=== Your objective ===
Give the lines again exactly as they appear, from the first line of the listing through the line containing "이 날 교육은 현재 한국공정무역마을위원회", and omit every picture.

=== Exercise material ===
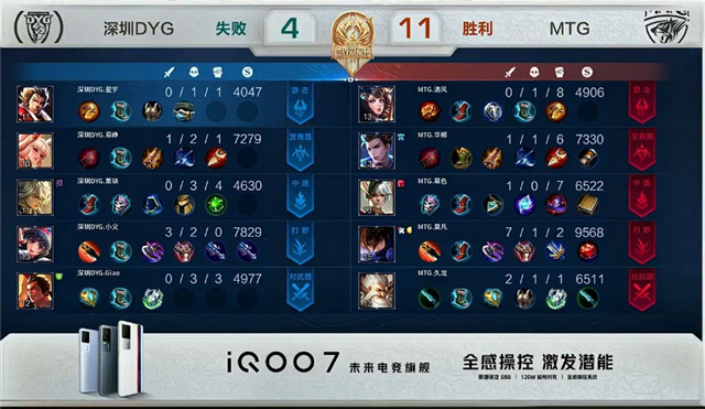 双方常规开局。57秒MTG阿古朵偷掉敌方红BUFF。2分22秒MTG暴君处击杀墨子拿到一血。2分33秒MTG下路击杀百里守约。2分46秒MTG暴君处击杀李元芳。3分06秒深圳DYG野区击杀阿古朵。3分26秒中路下河道双方1换1。4分20秒深圳DYG拿下暴君。5分04秒野区团战MTG打出0换2。7分15秒MTG摧毁敌方中路外塔。8分14秒MTG上路击杀韩信并摧毁上路高地塔。9分08秒MTG拿下暴君。9分38秒深圳DYG野区击杀关羽。10分整MTG下路击杀夏侯惇。10分46秒MTG拿下暗影暴君。11分20秒MTG拿下暗影主宰。11分59秒MTG摧毁敌方中路高地塔。12分15秒高地团战MTG打出1换4。12分34秒MTG摧毁敌方水晶拿下比赛。
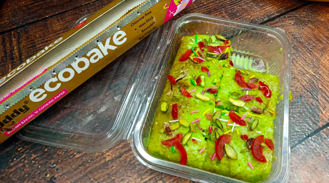 This simple pistachio cake recipe comes together in minutes. The pistachio flavour comes out nicely in this recipe. Ecobake helps in getting perfect cake without any greasing and no need of cleaning afterwards.
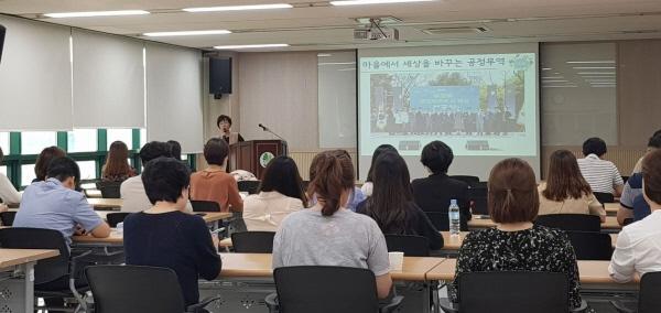 이 날 교육은 현재 한국공정무역마을위원회 공동위원장이며, 라이프인 사회적협동조합 이사장이신 이영희 강사님이 공정무역의 이해와 공정무역마을운동의 목표 및 현황, 계양구 공정무역 마을운동의 나아갈 방향에 대한 강의로 진행됐다.
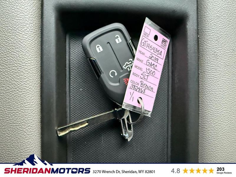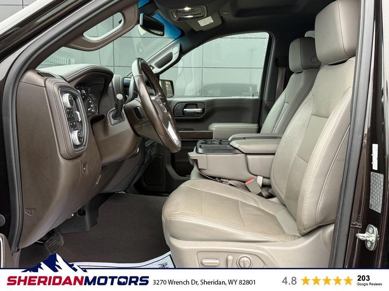 2019 GMC Sierra 1500 SLT 4WD ? V8 6.2L, Sheridan WY. CARFAX 1-Owner, premium leather seats, and powerful performance make this GMC Sierra a standout choice for drivers who demand capability and comfort. The proven 6.2L V8 gasoline engine delivers robust towing and confident highway passing, while four-wheel drive ensures traction in Wyoming winters and off-road excursions. Inside, enjoy luxury touches like leather seating, steering wheel audio controls, and hands-free Bluetooth for safer, more connected driving. Android Auto integration brings your favorite navigation, music, and messaging apps to the intuitive infotainment screen for seamless smartphone access. Practical features and tech combine for long trips, daily commutes, and weekend adventures. This GMC Sierra 1500 SLT comes with a clean CARFAX 1-Owner history and has been inspected to meet high-quality standards. Located in Sheridan WY, this truck is competitively priced ? listed as the best price in the area for comparable models ? giving exceptional value for a fully equipped, low-history pickup. Whether you need serious towing capability, rugged 4WD performance, or a refined interior with modern connectivity, this 2019 GMC Sierra 1500 SLT delivers. Contact us today to schedule a test drive in Sheridan WY and secure the best-priced GMC Sierra available.
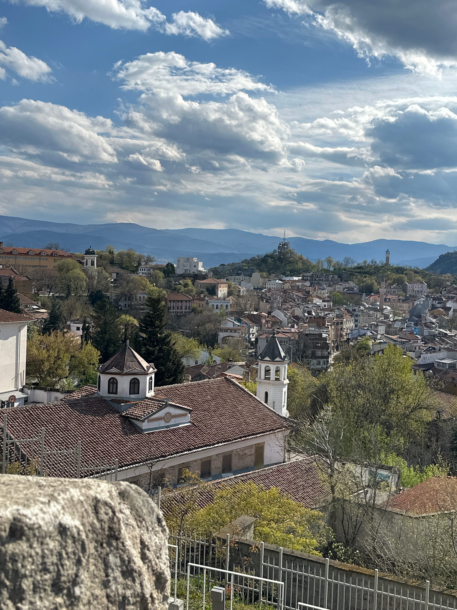 The image shows a cityscape view in Plovdiv, Bulgaria, taken from an elevated position. A blue sky with scattered white clouds occupies the left side of the frame. Mountains are visible in the backgroβ¦read more
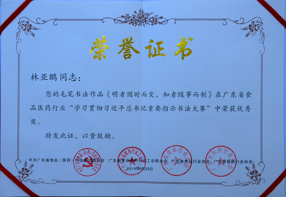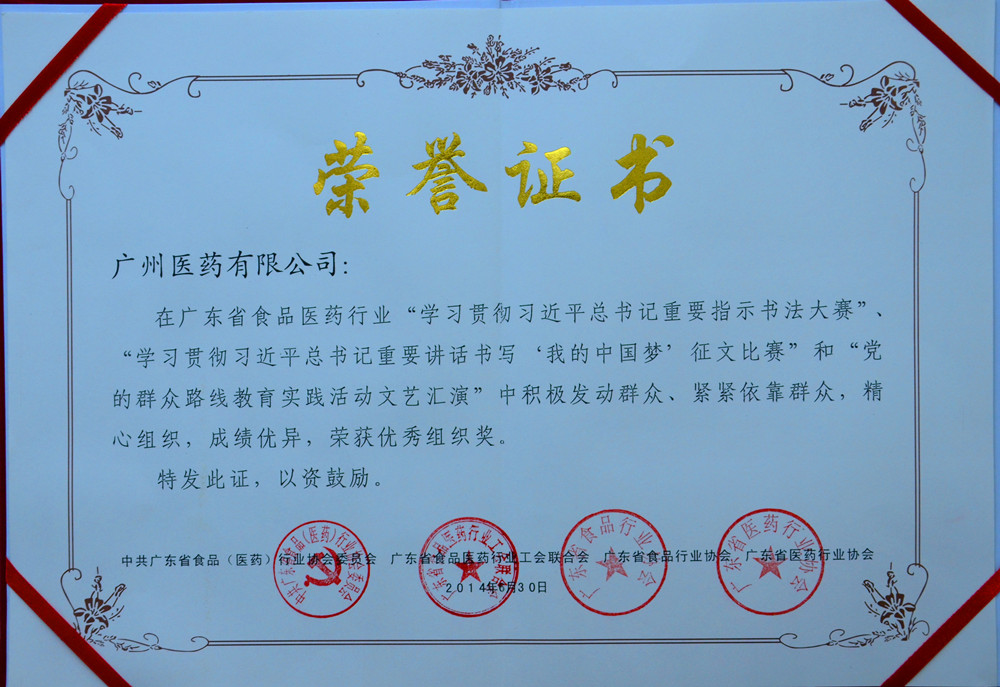 為創(chuàng)新在黨的群眾路線教育實(shí)踐的活動(dòng)形式,豐富實(shí)踐成果,引導(dǎo)廣大干部、黨員和員工學(xué)習(xí)研究習(xí)近平總書(shū)記對(duì)“中國(guó)夢(mèng)”的闡釋,廣州醫(yī)藥有限公司(下稱:廣州醫(yī)藥)在“學(xué)習(xí)貫徹習(xí)近平總書(shū)記重要指示書(shū)法大賽”、“學(xué)習(xí)貫徹習(xí)近平總書(shū)記重要講話書(shū)寫(xiě)‘我的中國(guó)夢(mèng)’征文比賽”中積極參與,成績(jī)優(yōu)異,榮獲由中共廣東省食品(醫(yī)藥)行業(yè)協(xié)會(huì)委員會(huì)、廣東省食品醫(yī)藥行業(yè)工會(huì)聯(lián)合會(huì)、廣東省食品行業(yè)協(xié)會(huì)、廣東省醫(yī)藥行業(yè)協(xié)會(huì)聯(lián)合頒授的“優(yōu)秀組織獎(jiǎng)”。
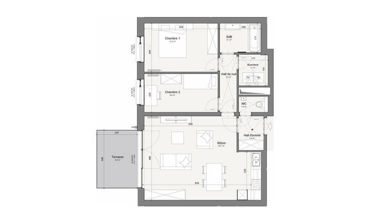 Appartement 2 chambres avec terrasse, parking et cave situé à L'Orée de Bozière, nouveau quartier proche de la gare et du centre-ville de Tournai. Descriptif général : Hall d'entrée, séjour avec cuisine ouverte, terrasse, 2 chambres, salle de bain avec baignoire, meuble vasque et miroir LED, buanderie, wc séparé et ascenseur Descriptif technique : toits végétalisés, châssis PVC double vitrage à coupure thermique, système de chauffage collectif avec chaudière gaz individuelle, radiateurs, thermostat, ventilation double flux avec récupération de chaleur, carrelage à choisir avec plinthes assorties sauf pour les chambres, faïences toute hauteur autour de la baignoire, détection incendie, vidéo-parlophonie, terrasse avec dalles sur plot Une cave et une place de parking comprises dans le prix - Local à vélos mis à disposition Ilot végétalisé et verger accessibles aux résidents PEB visé : A Livraison à l'acte Prix affichés hors frais - Vente sous Loi Breyne, régime des droits d'enregistrement (12,5 %) sur le terrain, éligible à 3 % sous conditions, et de la TVA sur la construction (21 %) Les surfaces indiquées ne sont pas des surfaces habitables mais des surfaces brutes, selon le code de mesurage appliqué en Belgique Renseignements et visite : Alexandra au +32 472 27 03 42 Publicité à caractère non contractuel et ne constituant pas une offre. Les propriétaires se réservent le droit de décision, d'acceptation ou non sur toute(s) offre(s) soumise(s) pour leur bien
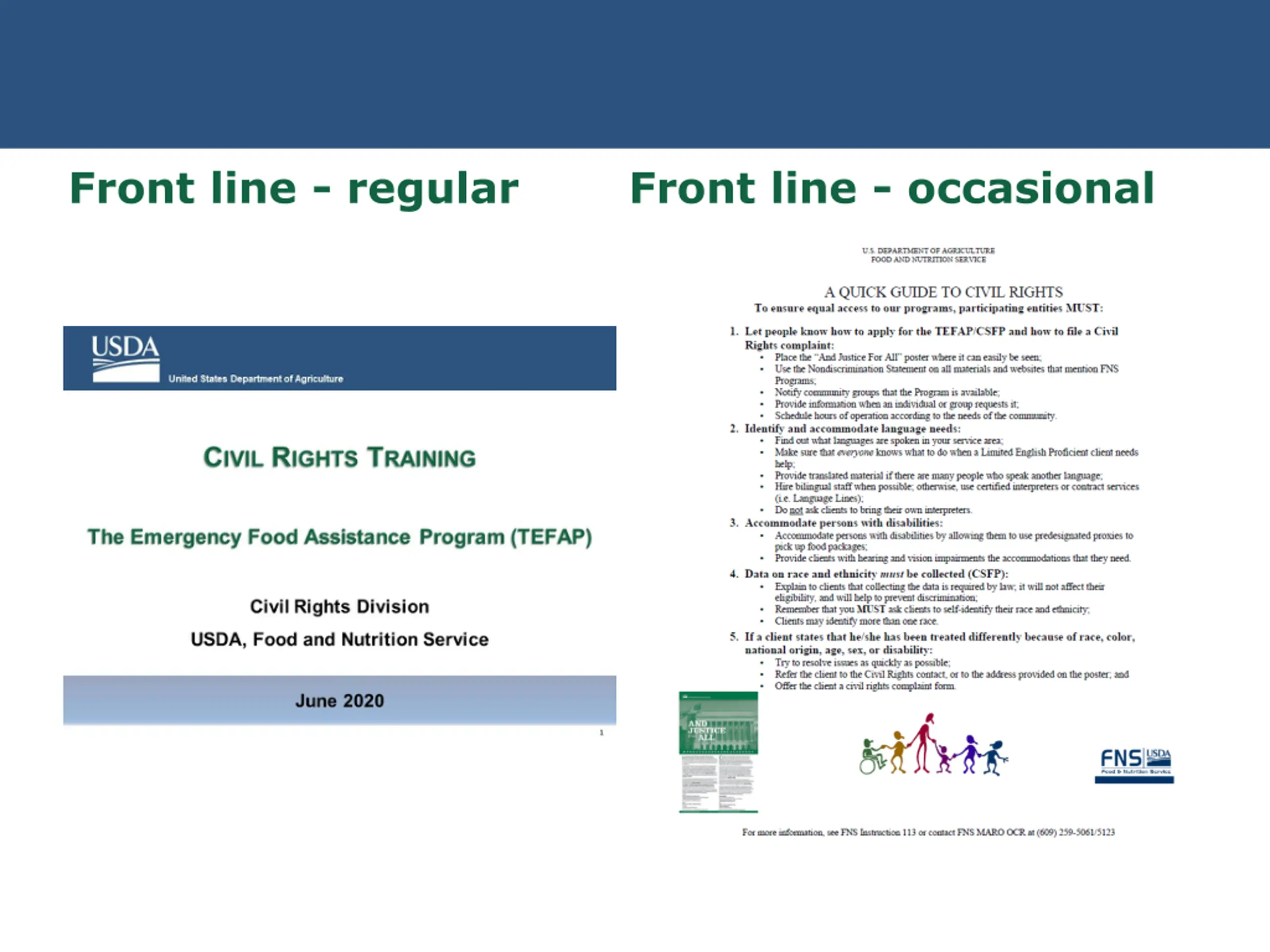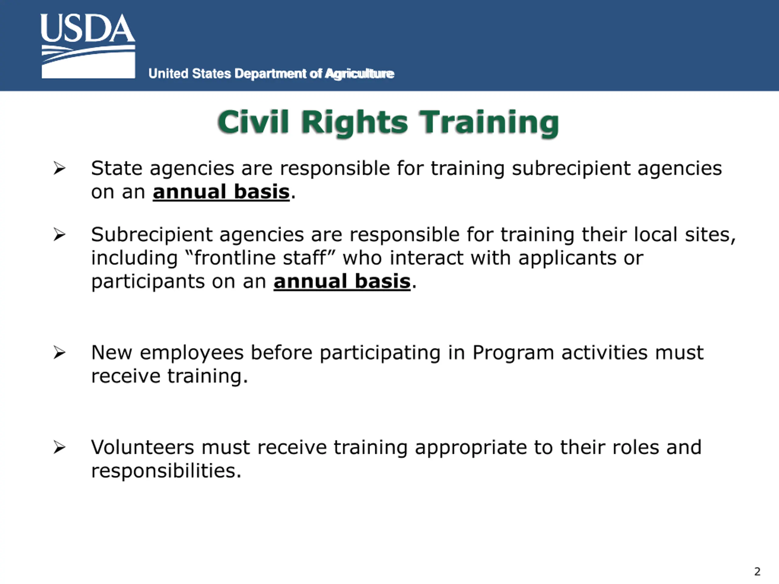 United States Department of Agriculture United States Department of Agriculture Civil Rights Training State agencies are responsible for training subrecipient agencies on an annual basis. Subrecipient agencies are responsible for training their local sites, including frontline staff who interact with applicants or participants on an annual basis. New employees before participating in Program activities must receive training. Volunteers must receive training appropriate to their roles and responsibilities. 2
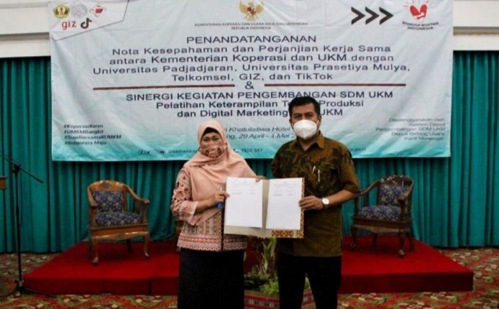 SUMEDANG (Realita) Guna meningkatkan kapasitas dan kapabilitas UKM di kabupaten/kota di Jawa Barat agar mampu Naik Kelas sekaligus mengarahkan untuk Go Digital, Kementerian Koperasi dan UKM melakukan penandatanganan Nota Kesepahaman (Memorandum of Understanding/MoU) dan Perjanjian Kerja Sama (PKS) dengan lima lembaga/Institusi yaitu Universitas Padjajaran, Universitas Prasetiya Mulya, Telkomsel, GIZ (Gesellschaft Für Internationale Zusammenarbeit) dan Tik Tok Pte Ltd, di Jatinangor, Sumedang, Kamis (29/4/2021).

=== Solution ===
 双方常规开局。57秒MTG阿古朵偷掉敌方红BUFF。2分22秒MTG暴君处击杀墨子拿到一血。2分33秒MTG下路击杀百里守约。2分46秒MTG暴君处击杀李元芳。3分06秒深圳DYG野区击杀阿古朵。3分26秒中路下河道双方1换1。4分20秒深圳DYG拿下暴君。5分04秒野区团战MTG打出0换2。7分15秒MTG摧毁敌方中路外塔。8分14秒MTG上路击杀韩信并摧毁上路高地塔。9分08秒MTG拿下暴君。9分38秒深圳DYG野区击杀关羽。10分整MTG下路击杀夏侯惇。10分46秒MTG拿下暗影暴君。11分20秒MTG拿下暗影主宰。11分59秒MTG摧毁敌方中路高地塔。12分15秒高地团战MTG打出1换4。12分34秒MTG摧毁敌方水晶拿下比赛。
 This simple pistachio cake recipe comes together in minutes. The pistachio flavour comes out nicely in this recipe. Ecobake helps in getting perfect cake without any greasing and no need of cleaning afterwards.
 이 날 교육은 현재 한국공정무역마을위원회 공동위원장이며, 라이프인 사회적협동조합 이사장이신 이영희 강사님이 공정무역의 이해와 공정무역마을운동의 목표 및 현황, 계양구 공정무역 마을운동의 나아갈 방향에 대한 강의로 진행됐다.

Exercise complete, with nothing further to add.